M. Papaefthimiou et al. demonstrated that Stevia leaf extracts significantly reduced MDA levels while restoring GSH concentrations and antioxidant enzyme activity in experimental rat models [4]. It is similar to our findings that E effectively reduced MDA levels in liver and brain tissues, demonstrating its potential to limit lipid peroxidation under oxidative stress

G. M. Iova et al. found that curcumin and rutin restored GSH and reduced MDA levels in rats with experimentally induced oxidative stress [3]. Similarly, in our study, NR restored GSH levels, particularly in the brain and liver, highlighting its strong ability to counteract oxidative damage.

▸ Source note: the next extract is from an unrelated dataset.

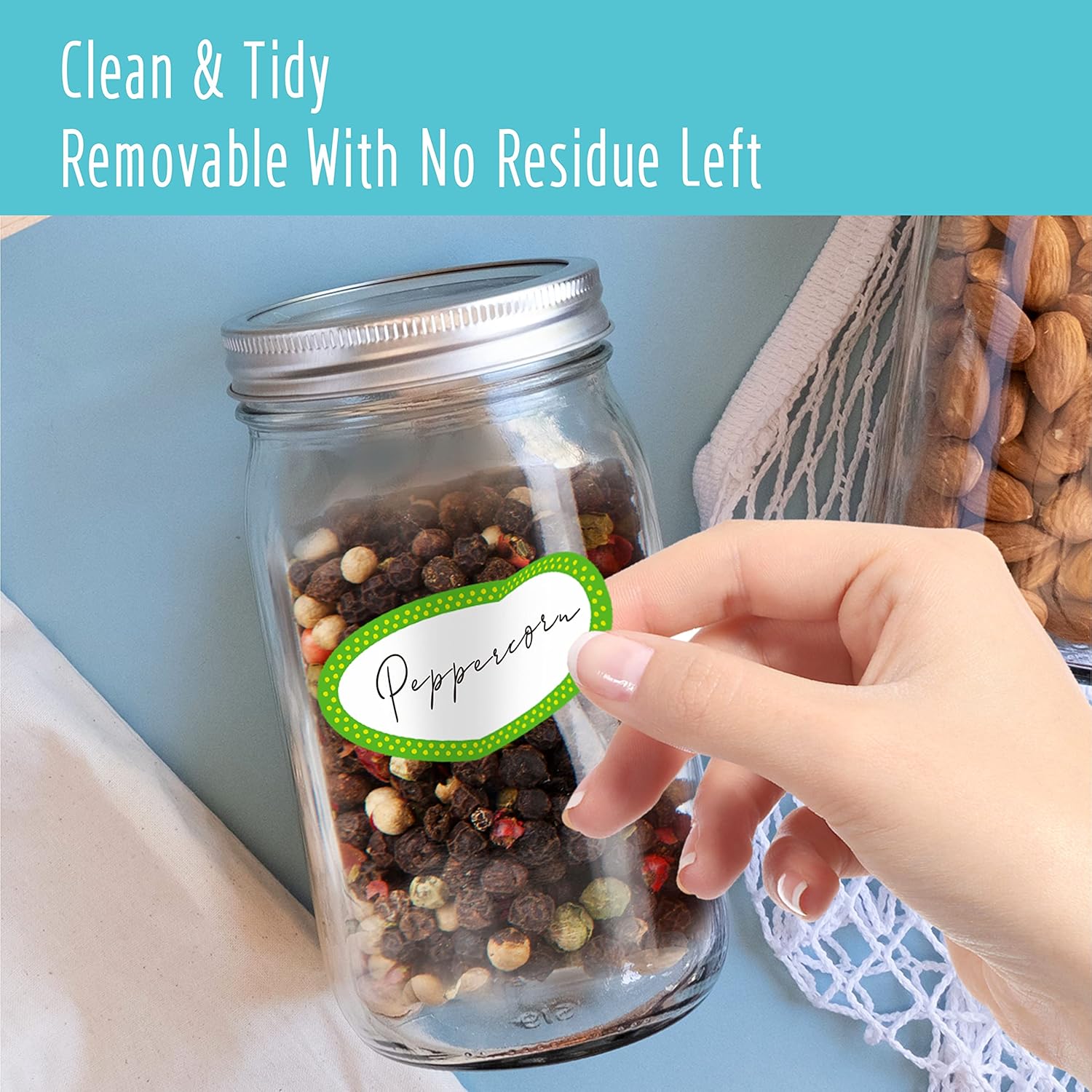 500 Removable Freezer Pantry Canning Labels, 8 Colorful Polka Borders, Water Oil Resistant with Perforation Line for Food Containers Jars Kitchen Restaurant Storage Organization
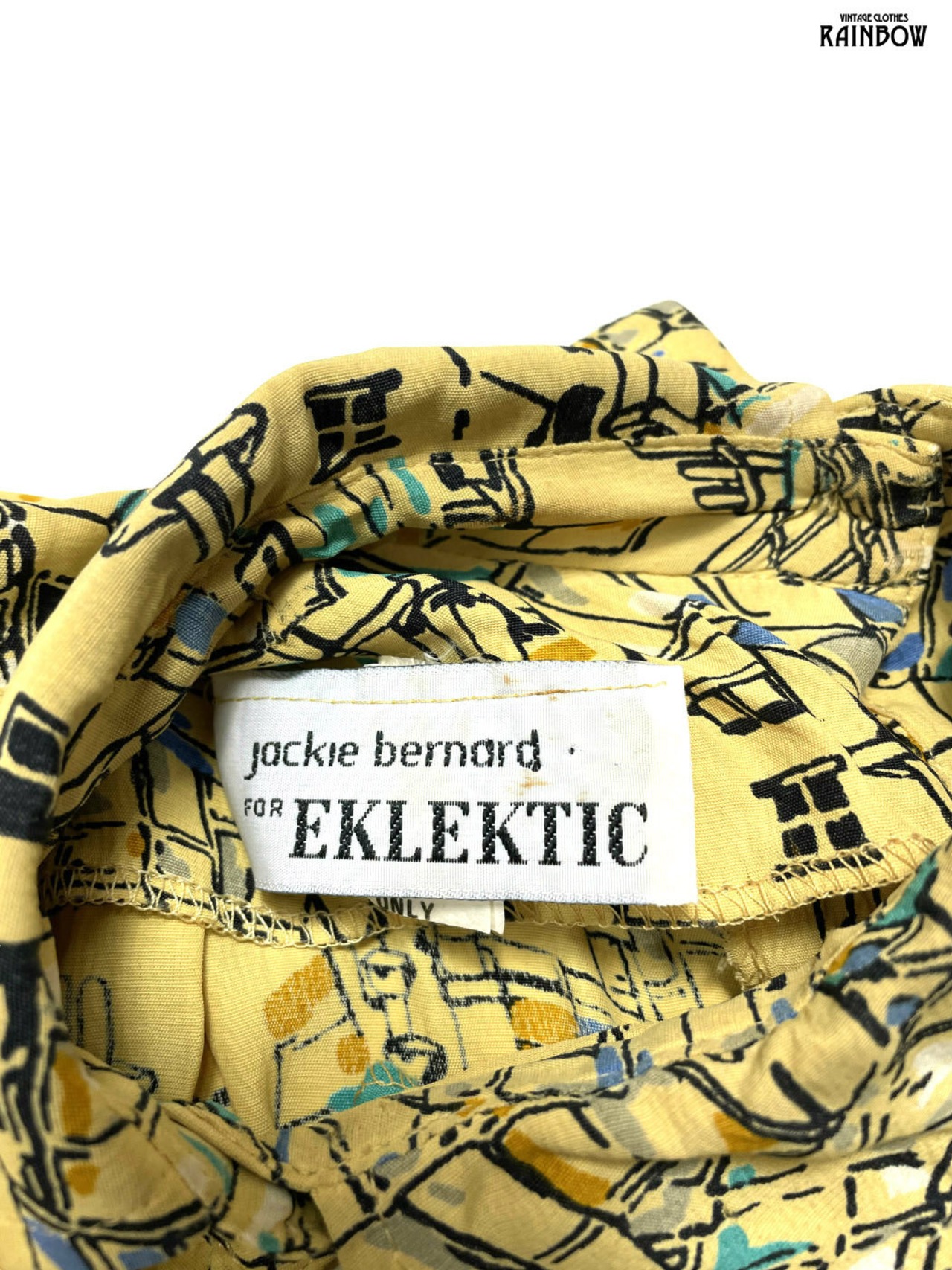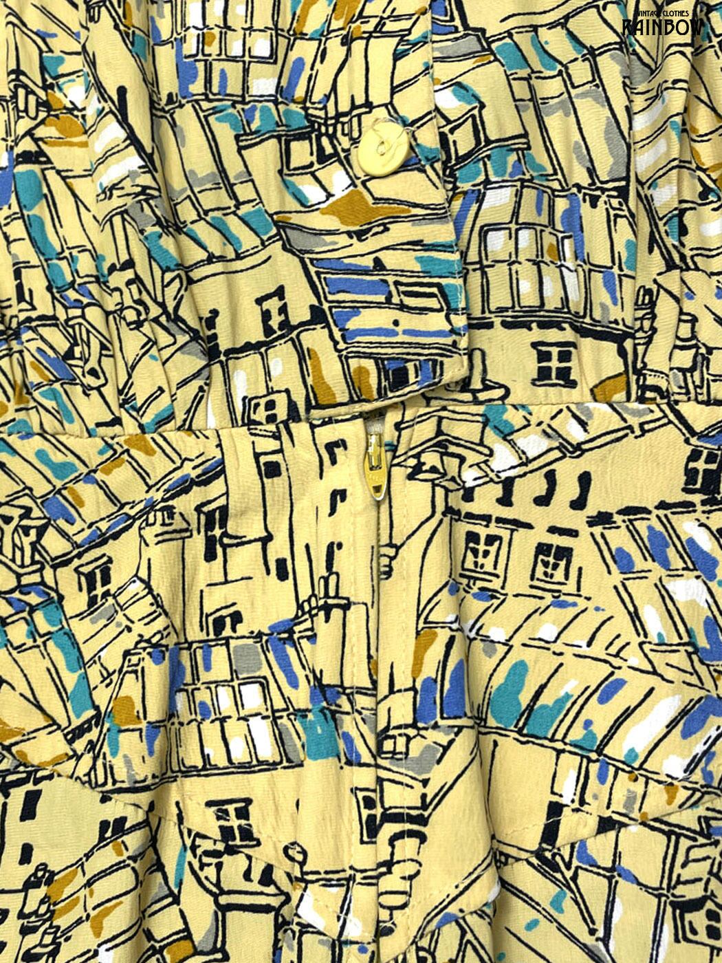#ワンピース #ハーフスリーブ #ロング丈 #ウエスト切り替え #黄 #総柄 #アメリカ製 #レーヨン #半袖総柄ワンピース #TALONジップ

The findings from the Origanum onites L. study align closely with our research, as both demonstrate the effectiveness of plant-based antioxidants in reducing oxidative stress. In the O. onites study, the essential oil effectively reduced MDA levels, similar to the firm lipid peroxidation control observed with E in our study. Meanwhile, O. onites extract remarkably restored GSH levels and enhanced enzymatic protection, which parallels the effects of NR in our findings. Both studies highlight these antioxidants’ complementary and tissue-specific roles in protecting against oxidative damage [47].

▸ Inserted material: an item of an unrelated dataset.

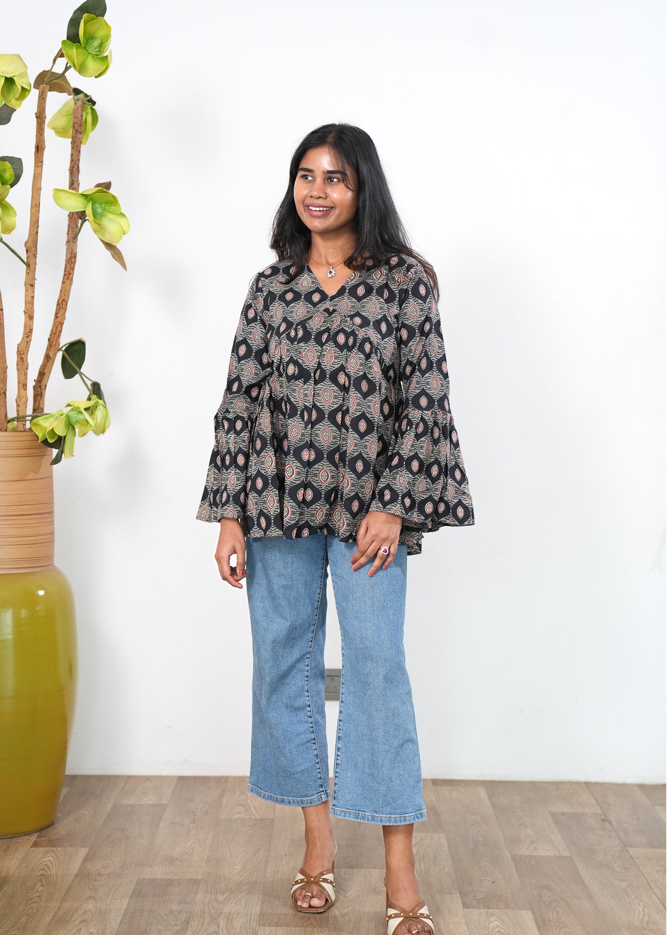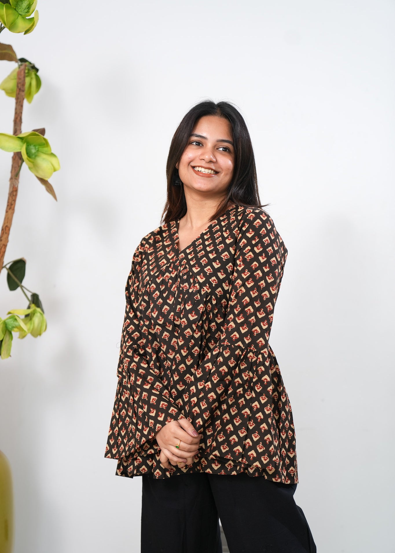 Black lantern cotton short kurti

Sadauskienė et al. highlighted the ability of natural extracts to enhance GSH levels and restore CAT activity in liver and brain tissues under oxidative stress conditions [48]. It is consistent with our results, where NR effectively restored GSH and CAT activity, especially in the brain and liver, indicating its broad-spectrum antioxidant capacity.

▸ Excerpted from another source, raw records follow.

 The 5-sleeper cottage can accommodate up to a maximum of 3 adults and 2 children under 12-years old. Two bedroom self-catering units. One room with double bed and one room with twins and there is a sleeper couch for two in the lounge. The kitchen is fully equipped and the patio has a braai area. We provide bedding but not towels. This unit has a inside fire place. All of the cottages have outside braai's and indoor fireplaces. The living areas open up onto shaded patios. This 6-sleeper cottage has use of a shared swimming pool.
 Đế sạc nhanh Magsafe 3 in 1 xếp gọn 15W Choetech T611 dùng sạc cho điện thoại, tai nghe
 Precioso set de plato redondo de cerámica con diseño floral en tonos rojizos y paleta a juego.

The results of our study are strongly aligned with findings from another plant-based antioxidant research. While ethanolic grapefruit extract reduced lipid peroxidation (MDA) in the liver and brain, naringin showed broader antioxidant effects by restoring GSH levels and CAT activity. Future studies could explore their synergistic application to optimize therapeutic strategies related to oxidative stress.

3. Materials and Methods

3.1. Material

Naringin (NR) (≥95% purity)—Sigma Aldrich (Steinheim, Germany); ethanol (96%)—Vilniaus Degtinė (Vilnius, Lithuania); AlCl₃ (aluminum chloride)—Sigma Aldrich (Steinheim, Germany); GSH (reduced glutathione)—Sigma Aldrich (Steinheim, Germany); MDA (malondialdehyde)—Sigma Aldrich (Steinheim, Germany); TBA (thiobarbituric acid), tris-HCl (tris-hydrochloride), DTNB (5,5-dithiobis-(2-nitrobenzoic acid) were supplied by Serva, Heidelberg, Germany; TCA (trichloroacetic acid)—Merck (Darmstadt, Germany).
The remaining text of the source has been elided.